В те годы редкие интеллигенты, которым повезло увидеть Париж, рассказывали нам о Жане-Поле Сартре, который, несмотря косоглазие и малый рост, был тогда в большой моде и гремел по всей Европе, и о его подруге Симоне де Бовуар, с которой он жил не как все нормальные люди, в общей квартире, а в незарегистрированном браке, в двух гостиничных номерах. Он редактировал литературный журнал “Les Temps Modemes”, и каждый напечатавшийся в нем становился знаменитым. Искусственная блондинка за «рейнметаллом» была для меня в тот момент недостижимой Симоной де Бовуар, а человек за дверями с мутным стеклом – куда важнее Жана-Поля Сартра. И меня поразило, что вместо косоглазого карлика, которого я ожидал, там оказался здоровенный мужик, похожий на моих деревенских родичей, с крепкими выдающимися скулами и крупными небесно-голубыми глазами, налившимися кровью после вчерашнего загула.

Я положил рукопись на стол этого крепкого мужика с небритой мордой, и он предложил мне сесть. Рассказал, что для нашего общества чрезвычайно важен каждый пишущий молодой человек, потому что среди них может оказаться и новый Шолохов, которого он уважал более всех прочих писателей, еще с ранней юности. Он был ветераном войны, и его однополчане, занимающие теперь важные посты, доверили ему руководить первым литературным журналом в республике, так как во время войны он редактировал в романийских селах стенные газеты. Для тех, кто не знает: стенная газета издавалась в единственном экземпляре, во всю ширину листа упаковочной бумаги под названием «крафт», и вывешивалась на стене; в ней была передовица, отпечатанная на пишущей машинке, портреты партизанских вождей, написанные от руки стихи, и часто в них помещались политические доносы, многим стоившие головы. Все эти листочки приклеивались на «крафт» гуммиарабиком – клеем из маленьких стеклянных бутылочек, на которых было написано «гуми арабикум – арабский клей».

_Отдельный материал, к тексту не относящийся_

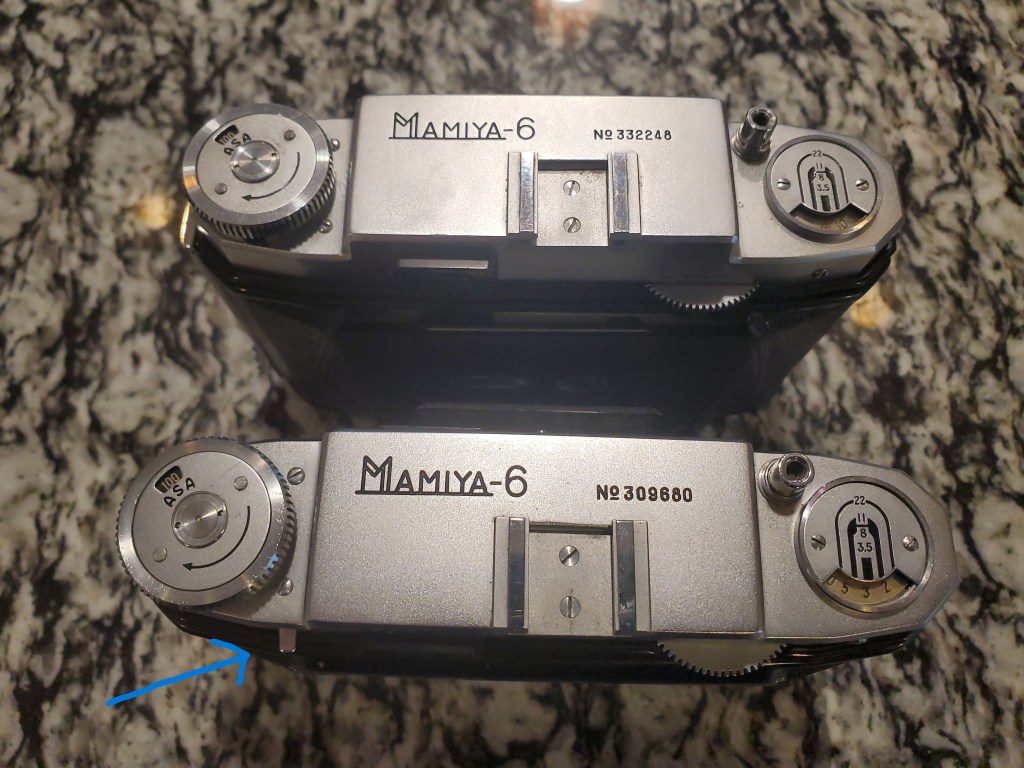 I mentioned in a previous post that I ended up with two identical copies of the same camera. It turns out they’re only near identical. I’m talking about my pair of Mamiya 6 Six Automats. I hadn’t noticed the differences between the two right away. But I eventually noticed that one had a lever on the back and under the film advance knob. The other camera lacks this lever.

Поскольку мне тогда было восемнадцать лет, этот мужик с гор казался мне очень старым, хотя вряд ли ему тогда было больше тридцати пяти. От него несло табаком, дешевой ракией и потом, а из ворота рубахи вылезали густые черные волосы, будто на нем была надета меховая нижняя рубаха. За немытыми стеклами редакторского кабинета красовался стройный силуэт сараевского Кафедрального собора.

Я пришел к нему не один. Со мной были Марк Твен, Чехов, Стивен Ликок, О. Генри, Джеймс Тербер, Уильям Сароян и многие другие мои учителя, которые с трепетом ожидали, чем завершится мое торжественное вступление в «Будущее». Я читал с детства, читал их под мигающими тусклыми лампочками в двадцать пять свечей, свет которых делает уродливым любое человеческое жилище, читал их в поездах и под партами мрачных классных комнат Первой мужской классической гимназии – учился у них, желая выкарабкаться из унижающей меня нищеты, чтобы в один прекрасный день мое имя напечатали такими же большими буквами, как их имена. В то время я действительно верил, что существуют два мира: один, в котором я вынужден жить, – кухонный мир столов, покрытых клеенкой, облупленных комодов и плит, на которых разогревается отвратительная безвкусная вчерашняя пища, безнадежная скука сараевских послеполуденных улиц и редкие интересные лица случайных проезжих через Сараево, которые иногда можно было увидеть за большими стеклами отеля «Европа» с салфетками на шеях, глядящими на нас, как мы тащимся мимо этого для нас великосветского места по вечному маршруту от Кафедрального собора, представлявшего псевдоготику Запада, до Башчаршии, которая служила преддверием псевдоориентальной экзотики. В моей молодой голове существовал другой мир, в котором жили полубоги – писатели вроде бородатого Хемингуэя и дека-дентствующего Фитцджеральда (темные блейзеры с золотыми пуговицами и светло-серые фланелевые брюки, ниспадающие на начищенные мокасины цвета гнилой вишни).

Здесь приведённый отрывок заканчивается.